Note that strings in the inclusion list must not be prefixes of strings in the exclusion list, and vice versa.

Completion bias inclusion first token only (bool, default false)

This option applies the Completion bias inclusion list only to the first token.

Completion bias exclusion (List[str], default [])

You can bias the completion results by not generating the strings that you include in this list. All other tokens are unaffected in sampling.

Note that strings in the inclusion list must not be prefixes of strings in the exclusion list, and vice versa.

Completion bias exclusion first token only (bool, default false)

This option applies the Completion bias exclusion list only to the first token.

Contextual control threshold (float, default 0)

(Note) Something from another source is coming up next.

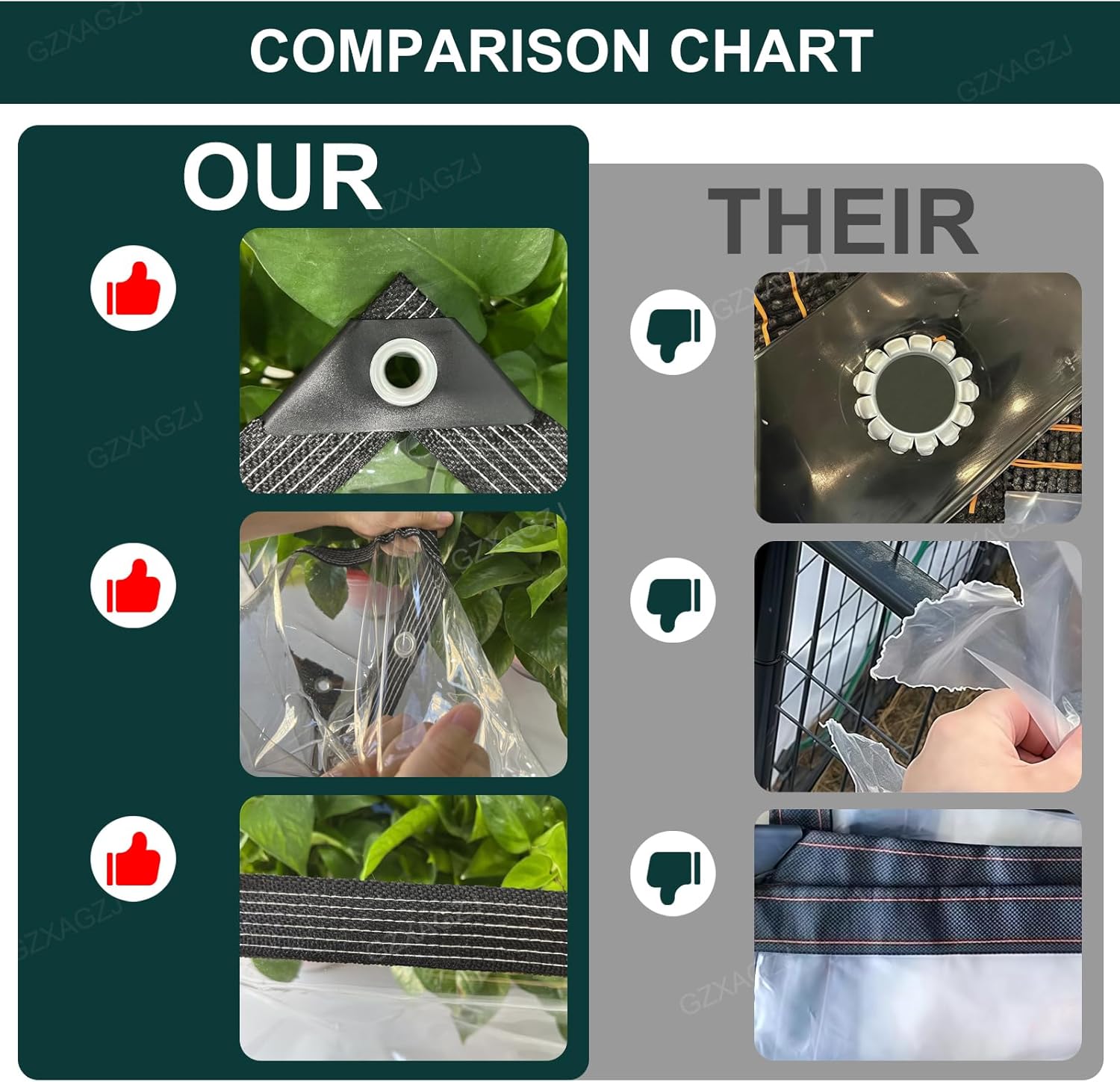 GZXAGZJ is dedicated to creating high-quality,heavy duty clear tarp. When a storm obscures your view,we’ve created a 14-mil,ultra-clear tarp that keeps you hidden and visible.It’s 99% waterproof and 100% transparent.Admire the dancing raindrops and count the twinkling stars.True protection shouldn’t obscure sunlight or vision

When set to zero, attention control parameters only apply to those tokens that have explicitly been set in the request. If set to a non-zero value, we apply the control parameters to similar tokens as well. Controls that have been applied to one token are applied to all other tokens that have at least the similarity score defined by this parameter. The similarity score is the cosine similarity of token embeddings.

Control log additive (bool, default true)

When set to true, control is applied by adding the log(control_factor) to the attention scores.

When set to false: control is applied by (attention_scores - - attention_scores.min(-1)) * control_factor.

Raw completion (bool, default false)

When set to true, the option forces the raw completion of the model to be returned. For some models, we may optimise the completion generated by the model and return the optimised completion in the completion field of the CompletionResponse. The raw completion, if returned, contains the non-optimised completion.